WORK INSTRUCTIONS -> Leaving every picture out, repeat all of the entries below exactly.
Start of MATERIAL FOR THIS EXERCISE
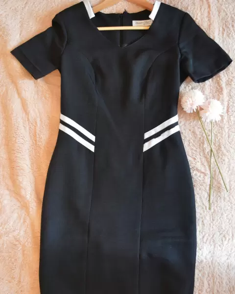 Vestido Entallado Business Class. Precioso Vestido cuello V y franjas en color blanco marca Business Class, queda un poco pegadito y es arribita de la rodilla, tiene solo unos mínimos detalles de uso (como se muestra en las fotos) queda super lindo, el vestido es talla 24, cualquier duda, peguntame :)
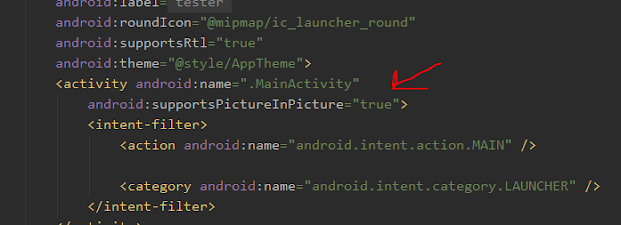 android:supportsPictureInPicture="true">ملاحظه في نهاية سوف تجد هذة العلامة > اضف قبلها الكود السابق وليس بعدها كما في الصورة
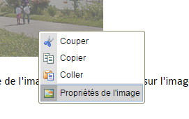 Pour modifier manuellement la taille de l'image, faites un clic droit sur l'image côté éditeur WYSIWYG et sélectionnez le bouton suivant :
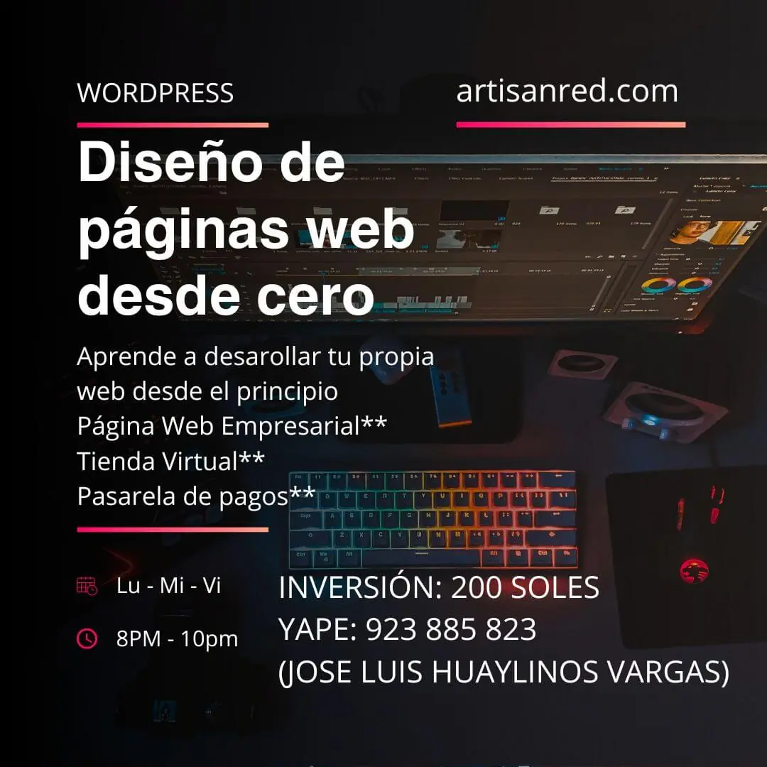 No necesitas ningún conocimiento previo, yo te llevaré desde las bases hasta un conocimiento funcional en wordpress, realizando webs reales durante el curso
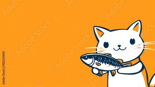 wallpaper, cat, cartoon, cute, animal, fish, pet, funny, illustration, graphic, design, happy, adorable, white, orange, seafood, mascot, character, vector, isolated, background, simple, minimal, food
End of MATERIAL FOR THIS EXERCISE
TASK RESULT ->
 Vestido Entallado Business Class. Precioso Vestido cuello V y franjas en color blanco marca Business Class, queda un poco pegadito y es arribita de la rodilla, tiene solo unos mínimos detalles de uso (como se muestra en las fotos) queda super lindo, el vestido es talla 24, cualquier duda, peguntame :)
 android:supportsPictureInPicture="true">ملاحظه في نهاية سوف تجد هذة العلامة > اضف قبلها الكود السابق وليس بعدها كما في الصورة
 Pour modifier manuellement la taille de l'image, faites un clic droit sur l'image côté éditeur WYSIWYG et sélectionnez le bouton suivant :
 No necesitas ningún conocimiento previo, yo te llevaré desde las bases hasta un conocimiento funcional en wordpress, realizando webs reales durante el curso
 wallpaper, cat, cartoon, cute, animal, fish, pet, funny, illustration, graphic, design, happy, adorable, white, orange, seafood, mascot, character, vector, isolated, background, simple, minimal, food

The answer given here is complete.